Sometime in the summer of 1940, a man named H.J. Meier, acting as an agent for J.B. Ford & Co., a North Carolina mining company, convinced Opa Mueller to invest in the company’s mica mines. Opa took the bait, whatever it was, and on June 21, 1940, gave Meier $500 — about $10,520 in 2022 dollars — for 10 shares of J.B. Ford stock with a par value of $100 a share. He received a
receipt and promissory note guaranteeing a 6-percent interest rate, but no stock certificates were ever issued.

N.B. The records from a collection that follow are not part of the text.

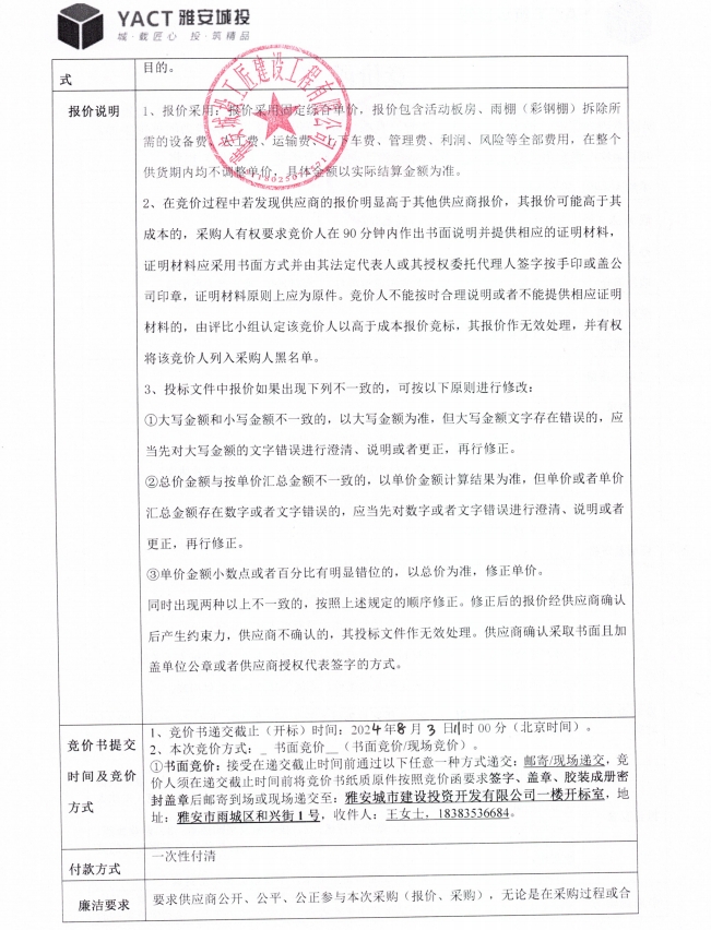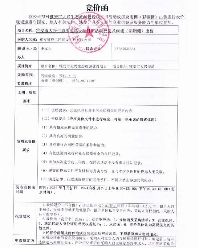 雅安市大興生態(tài)旅游建設項目舊活動板房出售競價函
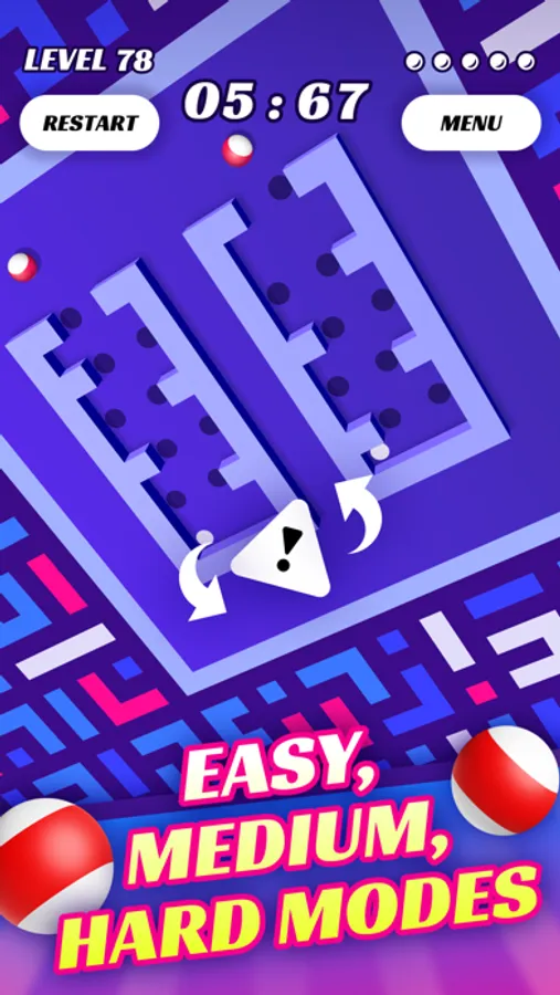 Control two balls in sync. Guide them towards their goals without hitting too many traps or falling off the path. Super fun & challenging.
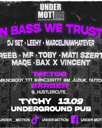 IN BASS WE TRUST to pierwsze wydarzenie z cyklu trapowych imprez organizowanych przez UNDER MOTION w Tychach. Projekt powstał z myślą o połączeniu miłośników podziemnego rapu i trapu w wyjątkowym, undergroundowym klimacie.
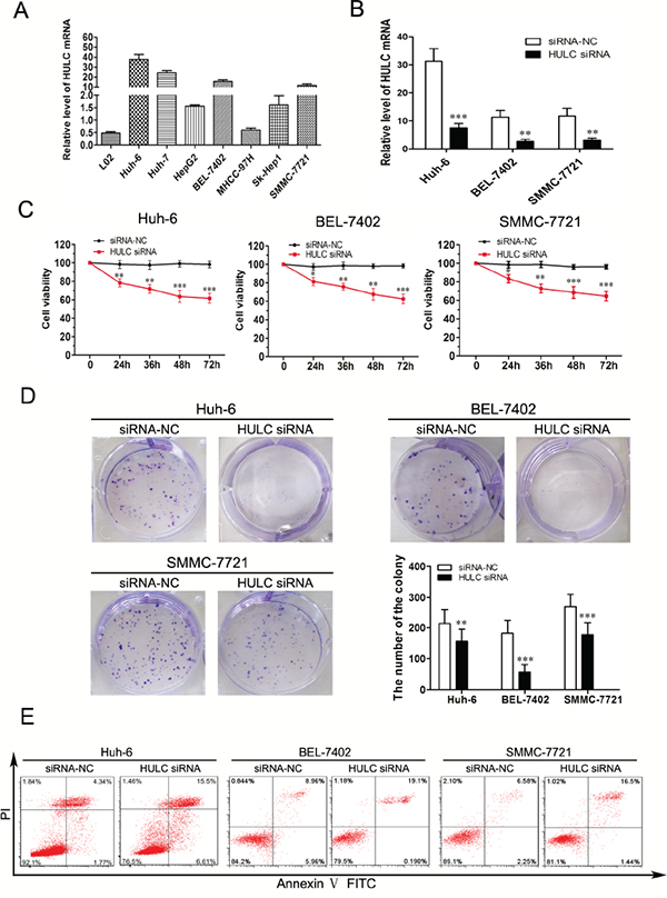 Figure 2: Effect of HULC on HCC cell growth in vitro. A. Analysis of HULC expression levels in HCC cell lines (Huh-6, Huh-7, HepG2, BEL-7402, MHCC-97H, Sk-Hep1 and SMMC-7721) compared with L02 cell as determined using qRT-PCR and normalized to GAPDH expression. B. Relative expression levels of HULC in Huh-6, BEL-7402 and SMMC-7721 cells transfected with siRNA-NC or HULC siRNA, as determined using qRT-PCR. C. CCK8 was performed to determine cell viability and proliferation of Huh-6, BEL-7402 and SMMC-7721 cells. D. Representative results of colony formation of Huh-6, BEL-7402 and SMMC-7721 cells transfected with siRNA-NC or HULC siRNA. E. Huh-6, BEL-7402 and SMMC-7721 cells were stained and analyzed by flow cytometry after transfection for 24 hours. Values shown indicate mean ± SD. *P < 0.05, **P < 0.01, ***P < 0.001.
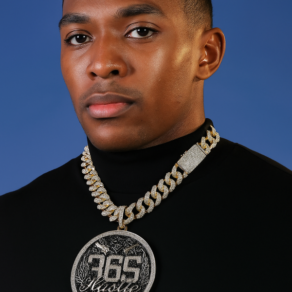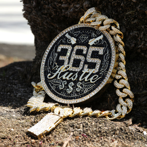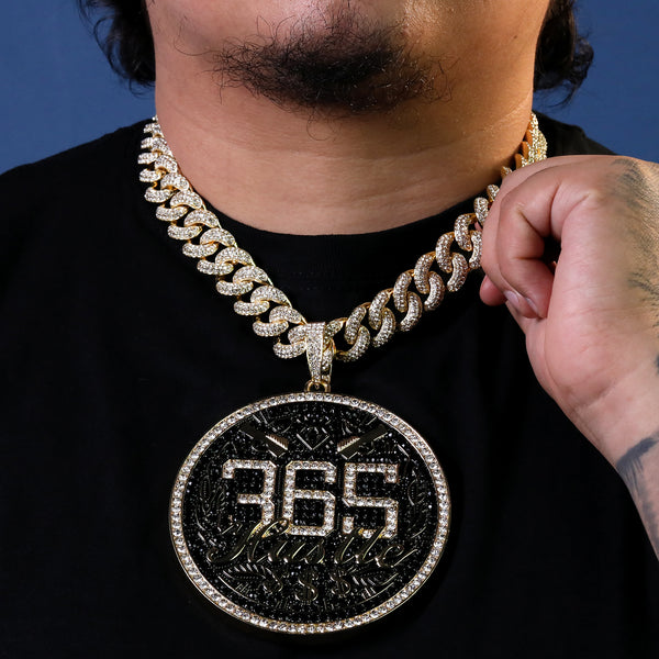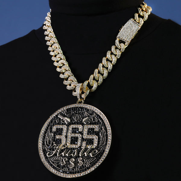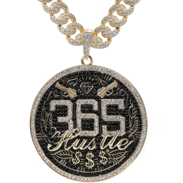 XXL Round 365 Hustle Pendant with 14K Gold Plated 20" Cuban Choker Chain – Box Clasp
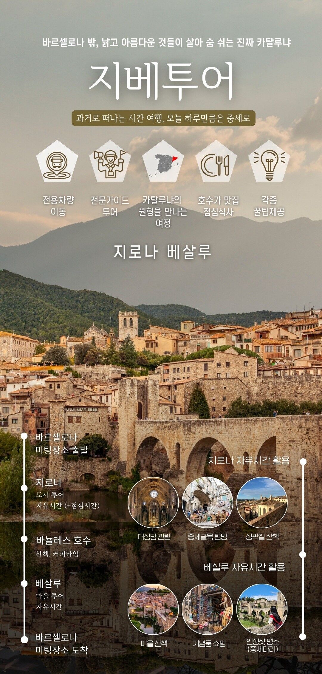 엔터가이드가 재미있는 스토리텔링으로 여행의 즐거움을 더해준답니다. 바르셀로나에서 출발해 약 10시간 동안 전용 차량으로 편안하게 이동하며 중세 유럽의 정취를 만끽하는 투어예요. 최소 6명부터 최대 25명까지의 소규모 그룹으로 진행되어 보다 쾌적하고 집중도 높은 여행을 즐길 수 있어요. 신뢰할 수 있는 현지 법인 여행사 '투어펠리스'가 안전하고 즐거운 하루를 약속해요.
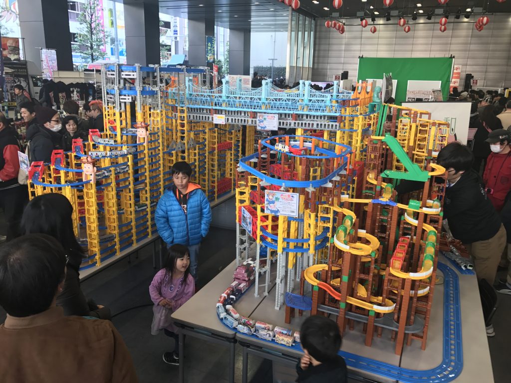入り口は恒例の1畳プラレール。最近は8畳以上のスペースな気もします。今回は真ん中を歩けるということでプラレレールの世界に飛び込める仕様でした。
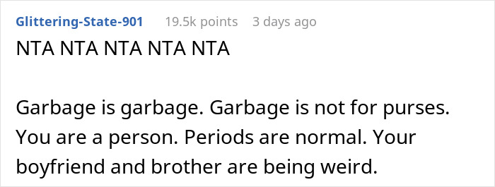 After all, men don’t have to deal with all the exhausting side effects of a period, including tiredness, heightened sensitivity, and outright pain. A little garbage seems like a more than fair trade-off. Less than a third of women experience cramps intensive enough to disrupt daily activities. So imagine, as a woman, going through multiple days of pain, then having your partner, who is supposed to be a support, get angry for changing a pad, as you should. OP was admirably calm and collected, asking for advice online when it seems, the vast majority of people would have dumped this guy on the spot. Unfortunately, both the boyfriend’s and brothers’ reactions are way too common, as menstruation still bears a lot of stigma and misinformation.

The archive has no record of Opa’s involvement — whether he communicated with J.B. Ford & Co. or pursued the issue with H.J. Meier. Opa died in August 1948. Oma and her caregiver daughter Frieda moved into a small house in Eagle Lake, owned or rented by her son Ernie, who lived with his wife Charlotte across the street a couple blocks south. They were chronically short of funds.

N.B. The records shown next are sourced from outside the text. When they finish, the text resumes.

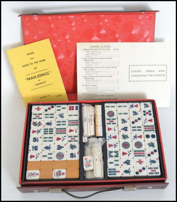 A vintage 1960s Oriental Mahjong set having wooden and resin playing pieces held within a vinyl box / carry case.
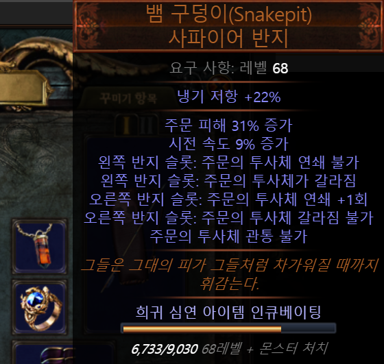 아이템 옵션이 언제바뀐지도 모르겠는 반지입니다. 옛날에는 옵션이 투사체 2개 증가인가? 그랬었거든요. 그래서 프리징펄스 빌드 같은 거 할때 코어템으로 썼던 템입니다. 근데 이제는 체인과 포크옵션으로 바뀌었네요. 이 링으로 체인을 증가시키고 데드아이 어센던시로 또 체인을 1증가시키고, 활통에서도 커럽옵션으로 체인을 챙기는 증 계속 체인을 땡겨줍니다. 근데 활통 커럽옵션은 엄청 비싸니 패쓰.
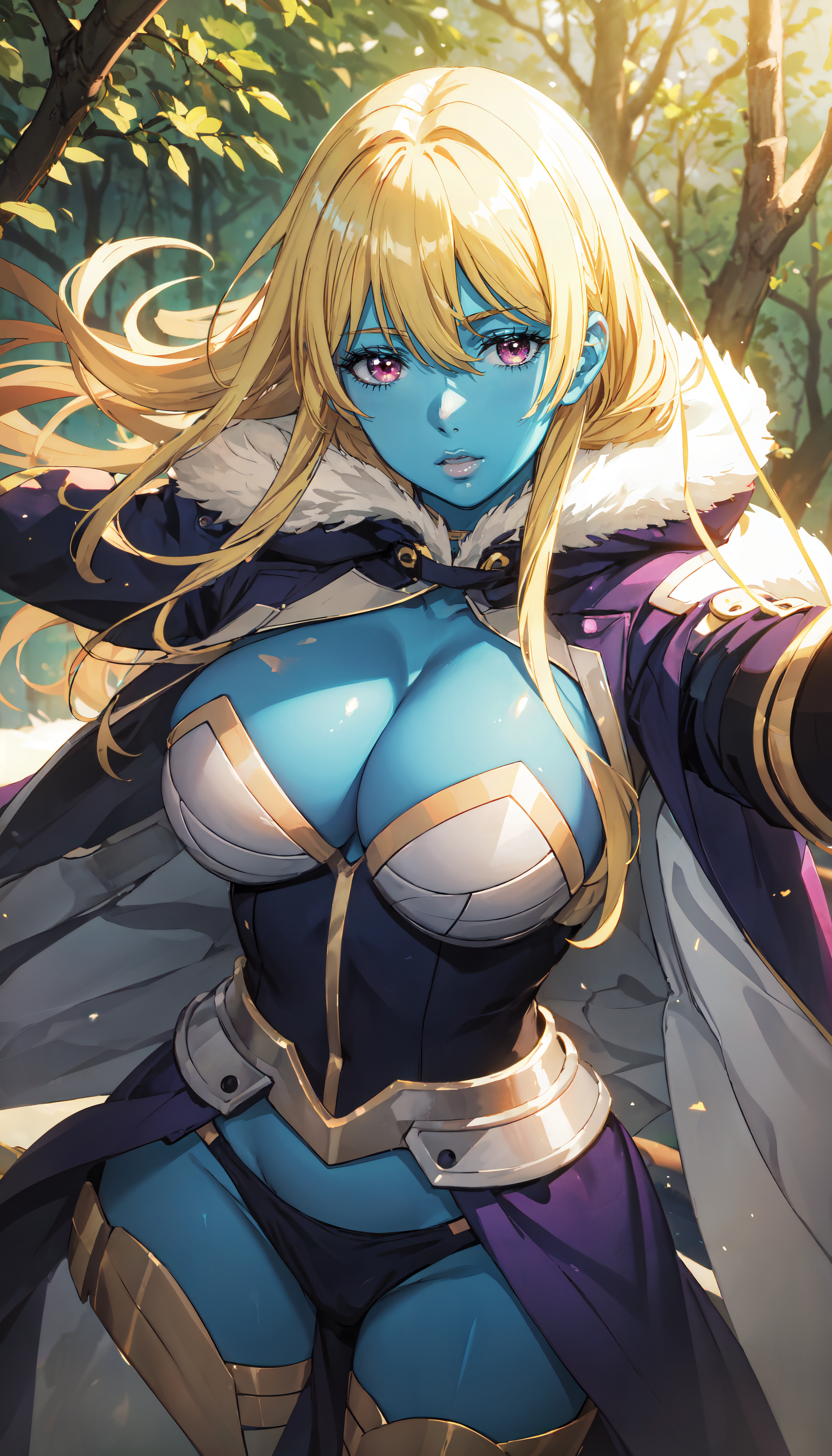 (blue skin:1.3), long hair, blonde hair, red eyes, breastplate, arm guards, purple cape, fur trim, purple panties, purple waist cape, tall iron boots

Whether Frieda knew about the J.B. Ford & Co. investment or simply ran across Opa’s receipt and promissory note, she sought advice from H.C. Nickel, her sister Adelheid’s husband, then a broker at James E. Bennett & Co. in Chicago. Was this worth anything?
H.C. researched J.B. Ford in the Bennett & Co. library but could find no evidence that the company was solvent or even existed. He wrote to the North Carolina secretary of state, quoting from the promissory note that “J.B. Ford & Company, incorporated of Franklin, Macon County, North Carolina, ... owns and controls Lyle Knob, Tharn Mounty, Rally Miller and Mack Mica Mines.” His letter was dated January 21, 1954.

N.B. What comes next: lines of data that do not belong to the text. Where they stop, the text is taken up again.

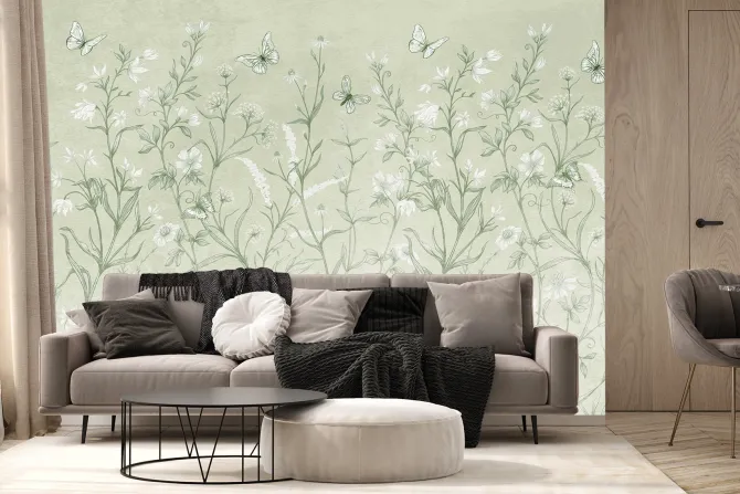 Fototapeta: Polna łąka z kwiatami i motylami w zieleni
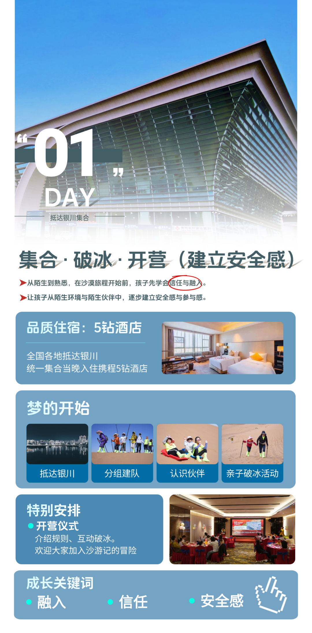 今日目标:从抵达银川的陌生,到破冰相识的熟悉,帮助每个家庭快速建立安全感与团队参与感。通过分组、讲解营规与安全须知,让孩子们安心、期待地开启沙漠之旅。
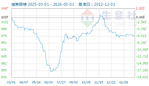 2月17日生意社煤焦鋼指數(shù)為979
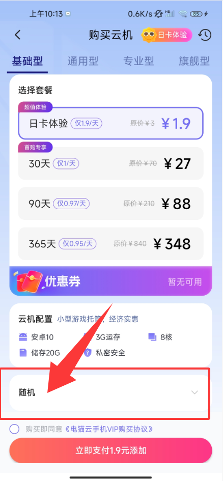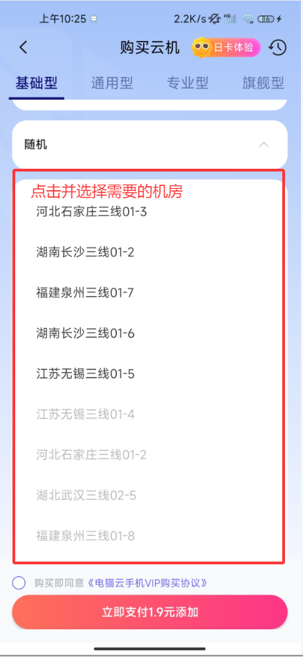 在选择并添加云机时,如下图点开【随机】,选择想要的云机机房即可。若未选择机房,云机机房则随机分配。
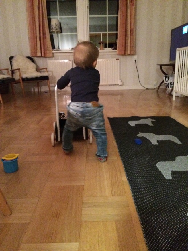 The little guy has really been moving a lot! He has had a good combination thus far while back in Sweden: he has been healthy, he has had a lot of space, he has had a lot of people to play with him. And the end result of that is a very energetic little one who is now up on two feet just as much as he crawls.
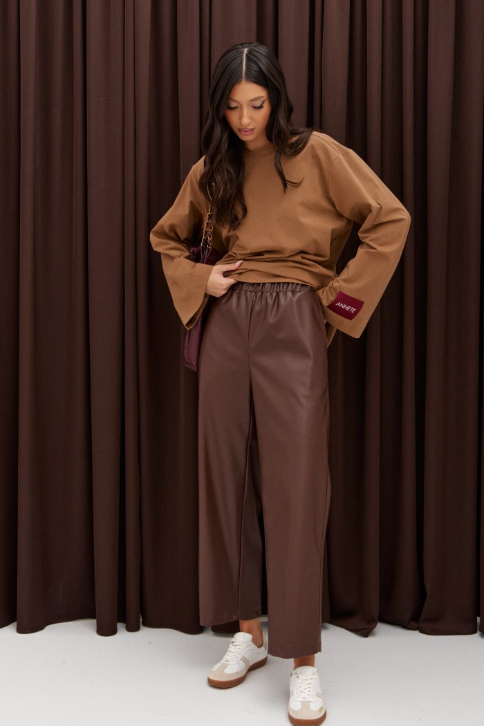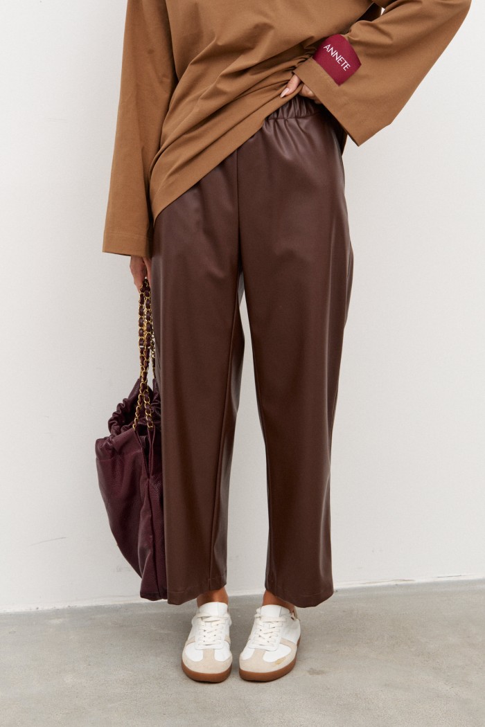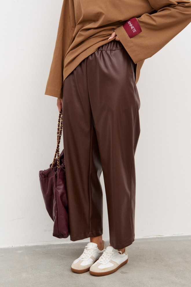 Брюки пямого кроя, укороченные. Выполнены из эко-кожи. Пояс на резинке. В боковых швах карманы. Длина по боковому шву 92 см (+ пояс 4,5 см)

On the same day, he wrote his sister-in-law
a letter breaking the news: “Unless the Secretary of State in North Carolina affirms the fact that the J.B. Ford & Company is still in existence, I’m afraid that this whole thing has been a fraud from the start. I’m sorry to have to relay this dismal information to you, but sooner or later the facts must be faced.”
H.C. — Hib to almost everyone — closed with a bit of humor:
I suppose Addie told you of the humorous thing Jim wrote in his religion lesson. He was to write down some thoughts, Important Thoughts, based on the story of Jesus’ birth. His important thought was ... “Jesus was the son of God and sort of the son of Mary and Joseph.”
A week later, the North Carolina secretary of state confirmed H.C.’s worst fears. H.C. forwarded
the official letter to Frieda, adding a penciled note:
As I had assumed, the mica investment is a complete loss per above. Therefore, I am returning the original papers. I doubt the honesty and integrity of Mr. Meier, selling something that became bankrupt six months later. It would be interesting for you to correspond with Meier to see what kind of explanation he has to offer. I would imagine his address is the one indicated on the enclosed envelope containing the note and receipt. [The address scrawled on the envelope — possibly 1945 Dreco Avenue South/Minneapolis — is apparently in Opa’s hand.]